И тут-то в стороне от бескрайнего, синего, как голубиное крыло, озера, еще не ставшего под лед, выплыла белая церковка на холме, словно ковчег спасения.
Долгими приполярными ночами он будет мечтать о ней, как другие о далекой невесте. Ему казалось, что она зовет его, ждет, наивно и смело открыв себя. Слезы примерзали к щекам и отворотам воротника. Он не слышал насмешек. Словно сквозь стекло видел Гувера. Весь он, темно-багровый, неопрятный, с сальной проседью, казался Василию медноголовым халдейским идолом.
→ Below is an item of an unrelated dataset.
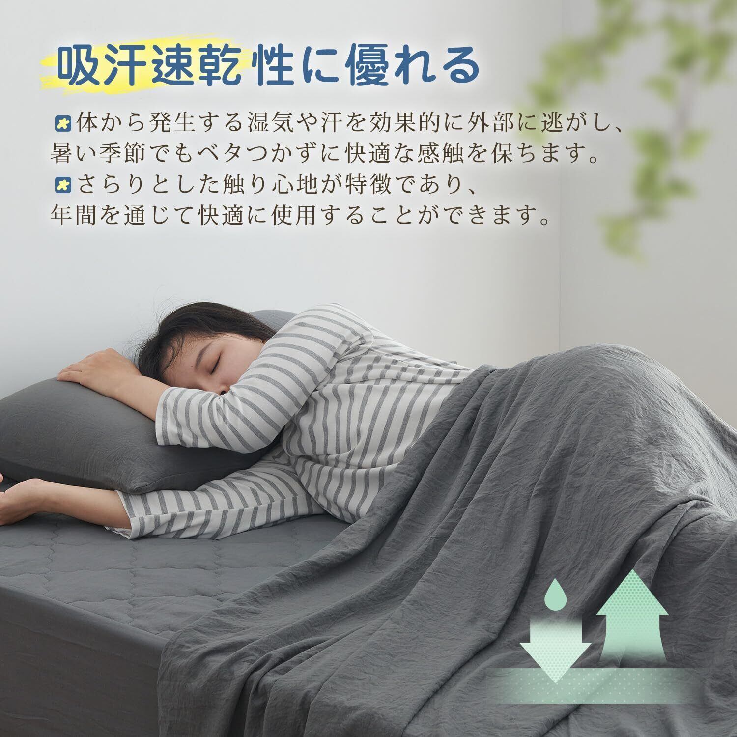 「通気性と速乾性」:通気性が高いため、シーツの中で湿気がこもりにくく、快適な寝心地を提供してくれます。また、このシーツは中綿が入っているにも関わらず、速乾性に優れています。洗濯後に素早く乾くため、いつも清潔な寝場所を保ちます。

Брезгливо распущенный рот, полный золотых зубов, открывался по-рыбьи беззвучно…
Он узнал его почти сразу: те же вислые губы-брыли, крупный переломанный нос, долетел и запах — спекшегося многодневного пота и прелого птичьего пера. Стуча подбитыми сапогами, Гувер слонялся по подземелью, светил фонариком по углам, пробовал приподнять и сдвинуть плиту. Из темноты подземелья вышли еще двое, докурили, прижгли окурки, поторопили начальника безмолвным жестом. Тот сплюнул в пол и грузно зашагал вниз по ступеням.
Через час, не раньше, отец Гурий вышел из храма. Прячась за стену, окинул взглядом озеро. Озеро было светло и пустынно. Он стоял, дрожа от предутреннего холода, пока за озером не послышался звук вертолетного двигателя. Вертолет летел в сторону Хонги — приозерного сушняка, дикого и необитаемого места.
Глава 9
«Белая Индия»
Изба — святилище земли
С запечной тайною и раем…
Июнь-разноцвет… В эту пору день у нас вовсе не меркнет; отдает солнышко всю силу земле; в полях рожь колос выметывает, в лесах земляника бочком алеет. Росы в июне обильные, медвяные, по утрам свежим сеном с лугов веет, — не надышаться. Прежде еще лен в эту пору сеяли, сразу после Ивана Долгого, радовались: «долгий денек вытянет ленок»… А сеяли его бабы да девки, донага раздемшись: лен обманывали. Увидит лен девку голую, да и сжалится над сиротой, уродится длинный да мягкий, девке на обнову, на крепкую справу, в девичью укладку на приданое. Но эта жизнь старинна, глубока, всего не упомнишь…
Эвон, как распогодилось, всякая животина радуется в эту пору, вот и куры довольны теплом, громко стучат носами о выскобленное донце сковородины. Радостно и привольно от всего этого и человеческой душе.
Бабка Нюра стояла на высоком крыльце, большая, статная, в пятничном темном платочке вроспуск, как носят староверки; высока, густоброва, серьезна, как есть статуя солдатки в простом и скромном ее величии.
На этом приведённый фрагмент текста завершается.